The POLYGON statement (or the letter P) takes a series of
coordinate pairs and draws a filled polygon from them.
Since filled polygons must be closed, the first and last coordinate points are
implicitly connected and need not be the same.
Polygons can be arbitrarily complex, including concavity and self-intersection.
Figure B.3 illustrates a polygon statement.

== Hierarchy ==

The CALL statement (or the letter C) invokes a collection
of other statements that have been packaged with DS and DF.
All subroutines are given numbers when they are defined and these numbers are used in
the CALL to identify them.
If, for example, a LAYER statement and a BOX statement are
packaged into subroutine 4, then the statement:

    C 4;

will cause the box to be drawn on that layer.
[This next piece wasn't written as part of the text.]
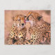 Carte d'animal montrant un couple de guépards en Afrique du Sud. Le guépard (Acinonyx jubatus) est un grand félin habitant la majeure partie de l'Afrique et certaines parties de l'Iran. Le guépard peut courir plus vite que n'importe quel autre animal terrestre, jusqu'à 112 à 120 km/h (70 à 75 mph). en courtes rafales sur des distances allant jusqu'à 500 m (1 600 pieds), et a la capacité d'accélérer de 0 à 100 km/h (62 mph) en trois secondes. Sa principale stratégie de chasse consiste à poursuivre des proies rapides telles que diverses espèces d'antilopes et de lièvres. Presque chaque facette de l'anatomie du guépard a évolué pour maximiser son succès dans la poursuite, résultat d'une course aux armements évolutive avec ses proies. En raison de cette

In addition to simply invoking the subroutine, a CALL statement can include
transformations to affect the geometry inside the subroutine.
Three transformations can be applied to a subroutine in CIF: translation, rotation, and mirroring.
Translation is specified as the letter T followed by an x, y offset.
These offsets will be added to all coordinates in the subroutine, to translate its
graphics across the mask.
Rotation is specified as the letter R followed by an x, y vector endpoint
that, much like the rotation clause in the BOX statement, defines a line to the origin.
The unrotated line has the endpoint (1, 0), which points to the right.
Mirroring is available in two forms: MX to mirror in x and MY to mirror in y.
Mirroring is a bit confusing, because MX causes a negation of the x
coordinate, which effectively mirrors about the y axis.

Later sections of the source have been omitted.